Data to process
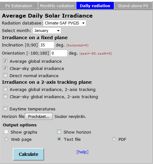 ti píšu: vybereš si "daily radiation" a tam potom máš tabulku s výkonem na m2 podle měsíce a hodiny ve dni, při zvoleném sklonu a azimutu.... proč nikdo nečte, co je už jednou napsaný?
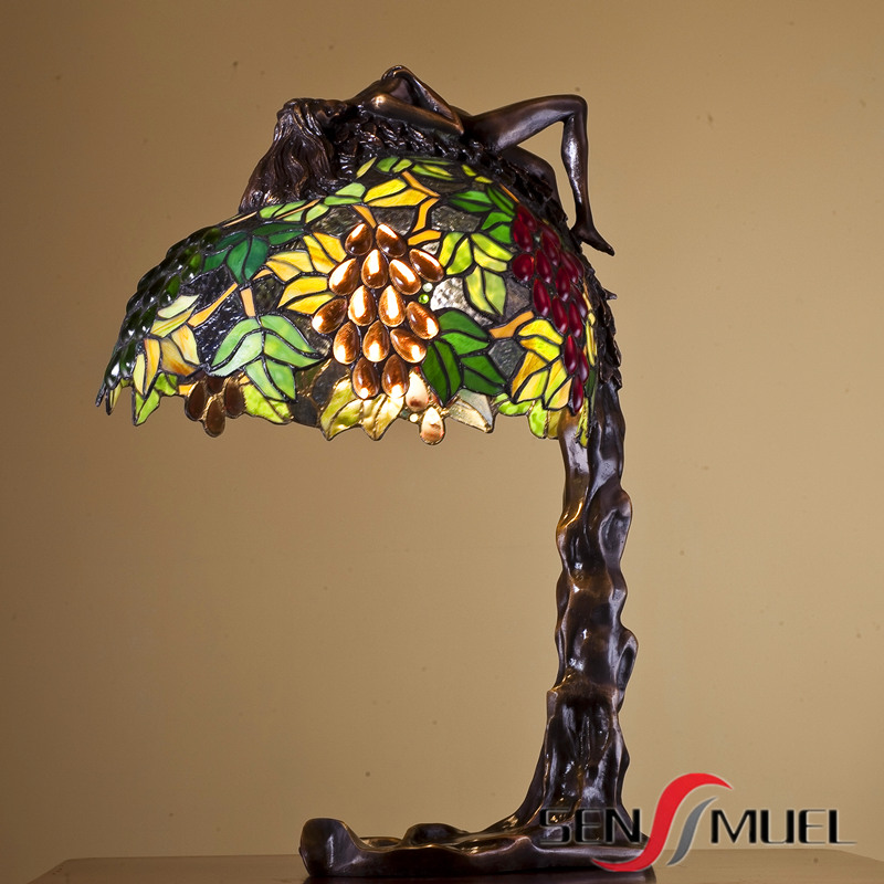 彩色玻璃纯铜底座台灯
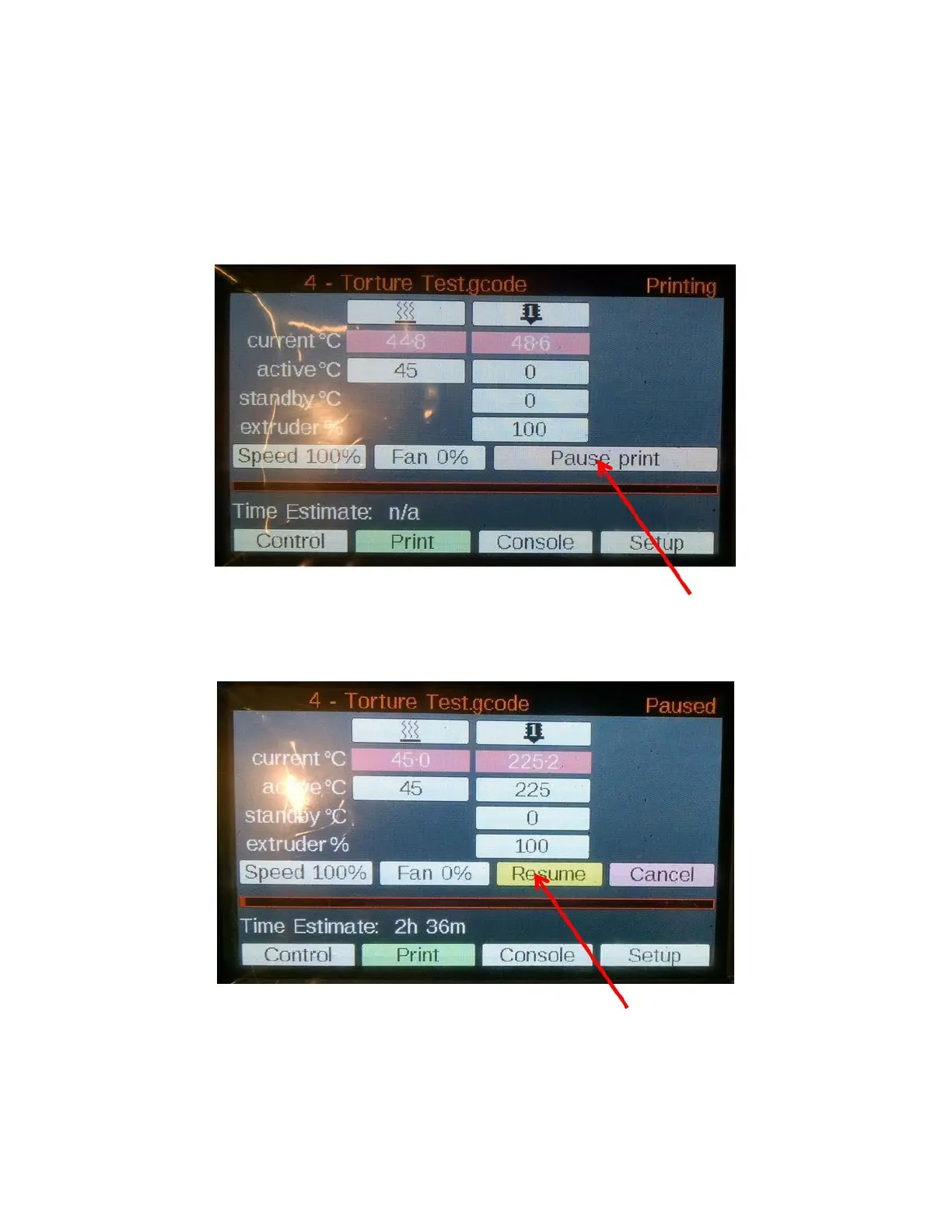 When you’re ready to continue printing, click “Resume”. The print head will move back to the part and continue
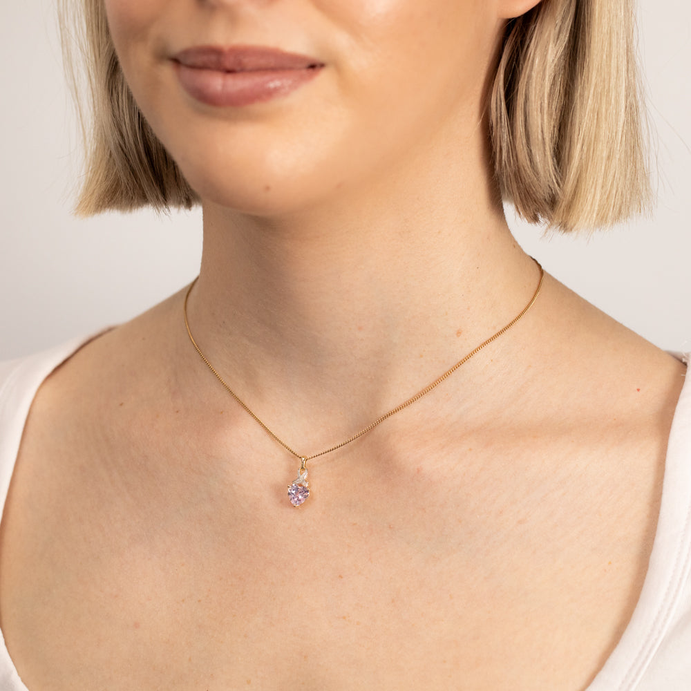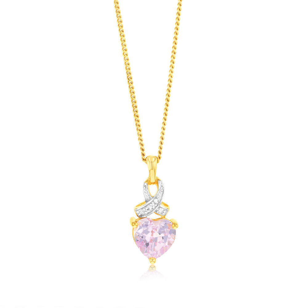 9ct Yellow Gold Heart Shaped Created Sapphire & Diamond Pendant
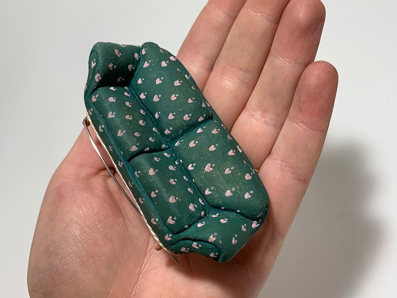 This piece is a fun play on scale and the objects we interact with on a daily basis. A couch is usually a utilitarian object, but this brooch gives you a chance to wear it instead!
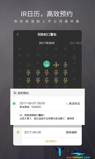 路演中是一款功能丰富的商务路演服务平台。它为上市公司、券商、基金公司等提供线上线下一站式路演服务,涵盖会议预约、信息订阅、线上直播等。其优势显著,能精准推送数据,为发行方匹配潜在投资者,提升沟通成交效率,成为重要分销渠道。拥有海量优质人脉资源和上市公司,展示清晰的董事秘书预约日程,提供多种预约方式。还打造数字化投资者关系SaaS工具,实现数据化管理。提供全面的路演类型,打造专业机构投资者入口。精心设计系统路演方案,有多种复杂场景解决方案,显著提升资本品牌曝光率,覆盖众多投资者,提供专业服务,保障路演安全顺畅,是一款助力企业与投资者高效交流的优质平台。

Your goal
Every record is to be repeated exactly, and no picture is carried over.

Your response
 ti píšu: vybereš si "daily radiation" a tam potom máš tabulku s výkonem na m2 podle měsíce a hodiny ve dni, při zvoleném sklonu a azimutu.... proč nikdo nečte, co je už jednou napsaný?
 彩色玻璃纯铜底座台灯
 When you’re ready to continue printing, click “Resume”. The print head will move back to the part and continue
 9ct Yellow Gold Heart Shaped Created Sapphire & Diamond Pendant
 This piece is a fun play on scale and the objects we interact with on a daily basis. A couch is usually a utilitarian object, but this brooch gives you a chance to wear it instead!
 路演中是一款功能丰富的商务路演服务平台。它为上市公司、券商、基金公司等提供线上线下一站式路演服务,涵盖会议预约、信息订阅、线上直播等。其优势显著,能精准推送数据,为发行方匹配潜在投资者,提升沟通成交效率,成为重要分销渠道。拥有海量优质人脉资源和上市公司,展示清晰的董事秘书预约日程,提供多种预约方式。还打造数字化投资者关系SaaS工具,实现数据化管理。提供全面的路演类型,打造专业机构投资者入口。精心设计系统路演方案,有多种复杂场景解决方案,显著提升资本品牌曝光率,覆盖众多投资者,提供专业服务,保障路演安全顺畅,是一款助力企业与投资者高效交流的优质平台。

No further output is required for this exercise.